The following is seen in the above CRT chart:

  1. CRT distributions (Net Received) create an income stream for Cathy’s life. 
  2. The remaining balance of the CRT at Cathy’s death provides for a legacy gift of over $600,000 to the charity of Elizabeth’s choice.

In addition, the CRT Strategy reduces Cathy’s income tax liability year over year compared to the 10 Year Distribution.
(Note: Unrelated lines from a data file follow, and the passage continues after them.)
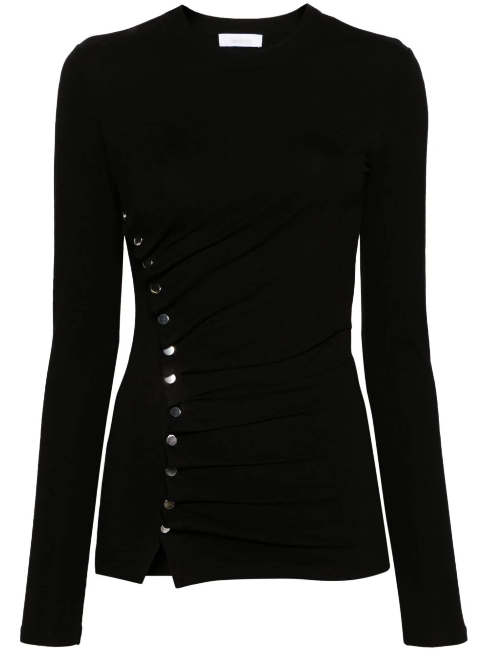 asymmetric studded T-shirt Paco Rabanne transforms the simple silhouette of this long-sleeve T-shirt through the use of ruching details and an asymmetric button fastening. Highlights - Black - Lightweight jersey - Asymmetric design - Gathered detailing - Silver-tone stud detailing - Crew neck - Off-centre front press-stud fastening - Long sleeves - Straight hem Imported Composition Viscose 92%, Elastane 8% SIZE & FIT Model measurements Height 5 ft 9 in(1.76 m) Bust/Chest 31.88 in(81 cm) Hips 35.43 in(90 cm) Waist 24.8 in(63 cm) FittingInformation Designed for a close fit throughout Made from a midweight stretch fabric, this piece offers elasticity and flexibility when worn This piece fits true to size – take your usual size
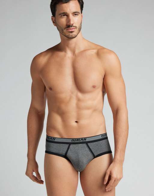 Intimissimi Men’s superior cotton briefs with logo in graphite grey blend black
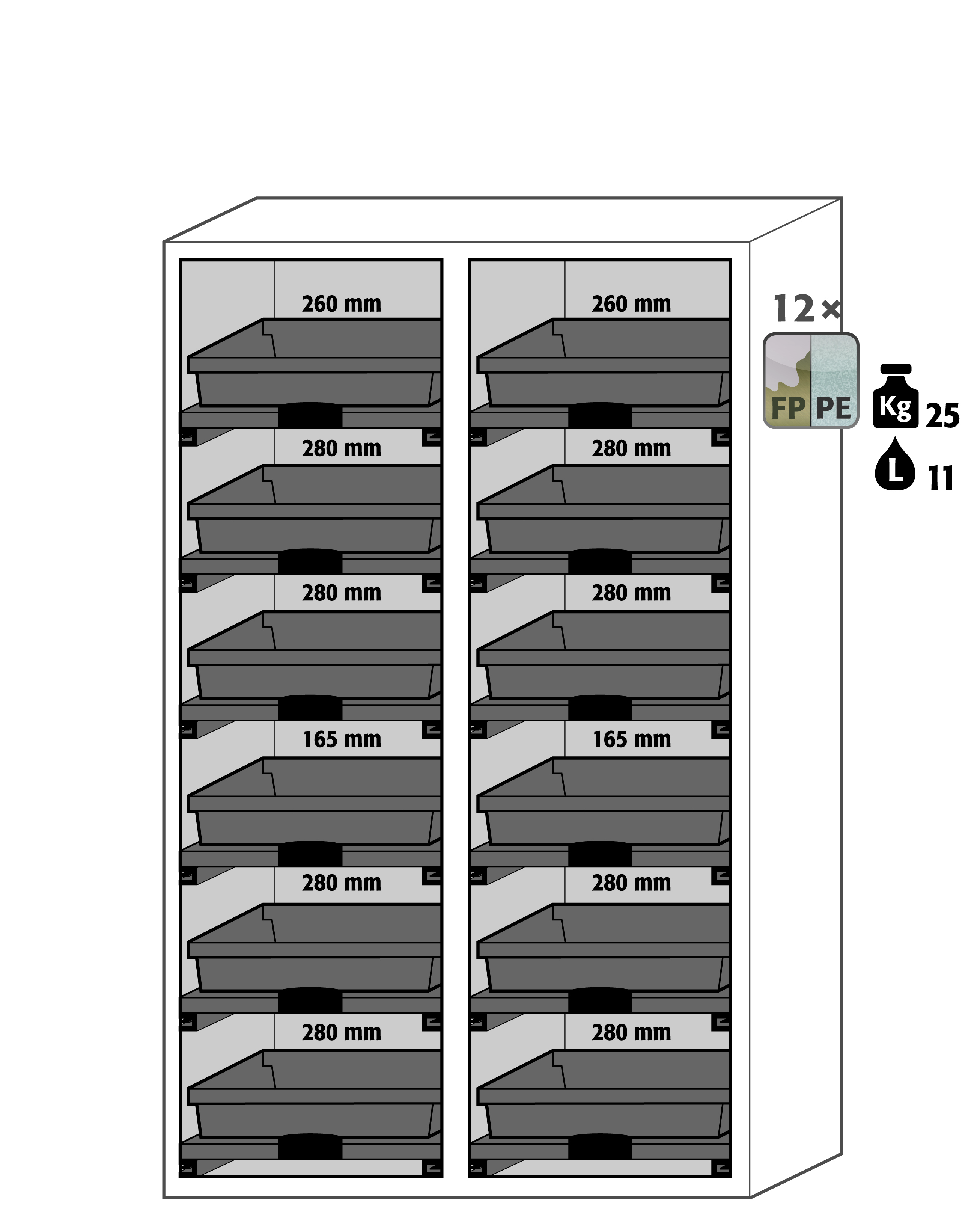 • 12 выдвижных полок с полипропиленовыми поддонами (грузоподъемность 25 кг, емкость 11 л);
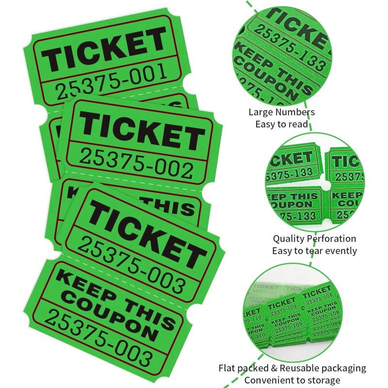 - The Green colored raffle tickets are consecutively numbered and perforated, making it easy to tear off multiple tickets at once. The large numbers are easy to read and there are duplicate numbers for tracking purposes.

Naming a CRT as a beneficiary of an IRA can be an attractive strategy for charitably inclined individuals, who desire to provide an income stream for the life of a non-spouse beneficiary. While this strategy may not be a fit for everyone, it does provide a tool to be evaluated, in light of the SECURE Act, as a way to accomplish legacy objectives.

 

Eric Metzger is a Wealth Planner at 5/3 Private Bank in the Cincinnati & Kentucky markets.  Before joining 5/3, he was an attorney in private practice at the Bingham Greenebaum Doll law firm, n/k/a Dentons Bingham Greenebaum.  Eric works closely with high-net worth individuals, business owners, corporate executives, and multi-generational wealthy families on a broad range of personal, charitable, business, and succession planning matters.